Let’s say we have a bunch of server logs spanning a couple of years, now it’s grouped by year
and I want to sample 100 documents from each year, is it possible to do that purely with aggregation pipeline?
Hello @Fred_Wilson, welcome to the MongoDB Community forum!

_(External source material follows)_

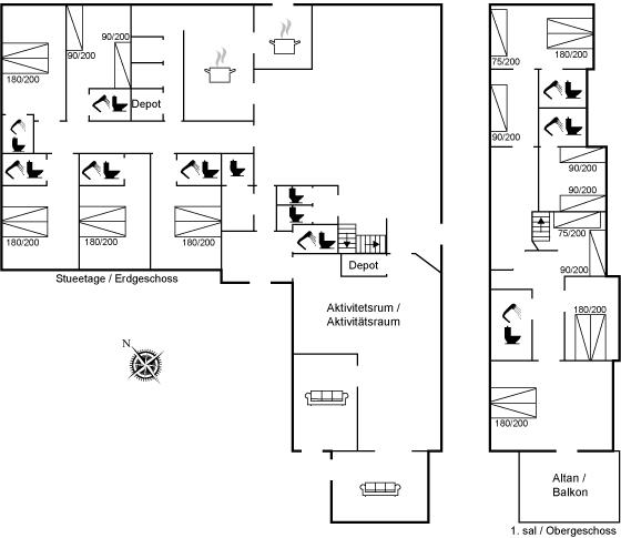 Das Ferienhaus bietet 20 Schlafplätze plus 2 Kinderbetten an. Die Wohnfläche von 512 m² erstreckt sich über 2 Etagen und das Haus wurde 1920 erbaut und 2005 renoviert. Es ist erlaubt, 2 Haustiere mitzubringen. Die Unterkunft verfügt über eine Waschmaschine und einen Wäschetrockner. Es gibt 2 Kinderhochstühle. Das Ferienhaus liegt auf einem 3000 m² großen Garten-/Strandgrundstück, das von einer Straße zwischen dem Haus und dem Grundstück aufgeteilt ist. Der Fjord liegt 50 m entfernt. Direkter Zugang zur 80 m² großen Sonnenterrasse. Balkon. Es gibt einen Geräteraum. Parkplatz am Ferienhaus. Am Wasser gibt es eine große Lagerfeuerstelle.
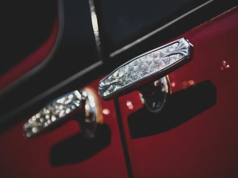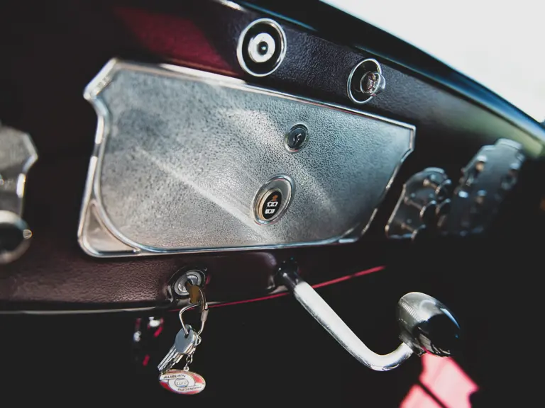 Acquired by the Merrick Auto Museum in 2004, it has a long succession of Auburn Cord Duesenberg certifications through at least five owners and several restorations. The original owners are said to be Frank and Pearl Mesta from 1930. Subsequently it has passed through the hands of a party named Danner, Bill McDuff (twice), and Odell Friar. Originally Emerald Green, after a comprehensive body-off restoration it is now painted in maroon with black fender accents and white pinstriping. The interior is upholstered in beautiful grey-and-burgundy wide-pleated buttoned mohair velvet broadcloth. Chromed wire wheels hold six Lester 7.00-18 wide whitewall tires; the dual side-mount spares have keyed locks.

Yes, its possible. Here is the aggregation query which gets the desired results. The query runs from the mongo
shell.
Note that, this requires MongoDB v4.4.2 or greater. There are two variables defined, - the NUMBER_OF_SAMPLES_REQUIRED
which is a number of random samples you are looking for, for each grouping ($year
). The random numbers generated are not unique, so we generate little more than the needed 100, and remove the duplicate random numbers (and, the variable NUMBER_OF_SAMPLES_COLLECTED
allows more samples).
There is a remote chance that you may see one or two duplicate less documents in the samples.
There is an Aggregation $sample
stage, but I have not tried it in this case . Let me know how this works for you!
var NUMBER_OF_SAMPLES_REQUIRED = 100;
var NUMBER_OF_SAMPLES_COLLECTED = 150 ;
db.collection.aggregate([
{
$group: {
_id: { year: "$year" },
docs: { $push: "$$ROOT" },
count: { $sum: 1 }
}
},
{
$project: {
random_docs: {
$let: {
vars: {
random_positions: {
$slice: [ {
$setDifference: [ {
$map: {
input: { $range: [ 0, NUMBER_OF_SAMPLES_COLLECTED ] },
in: {
$floor: { $multiply: [ { $rand: {}}, { $floor: "$count" } ] }
}
}
}, [] ]
}, NUMBER_OF_SAMPLES_REQUIRED ]
}
},
in: {
$map: {
input: "$$random_positions",
in: {
$arrayElemAt: [ "$docs", "$$this" ],
}
}
},
}
}
}
},
])
Thanks, this worked like a charm!
This topic was automatically closed 5 days after the last reply. New replies are no longer allowed.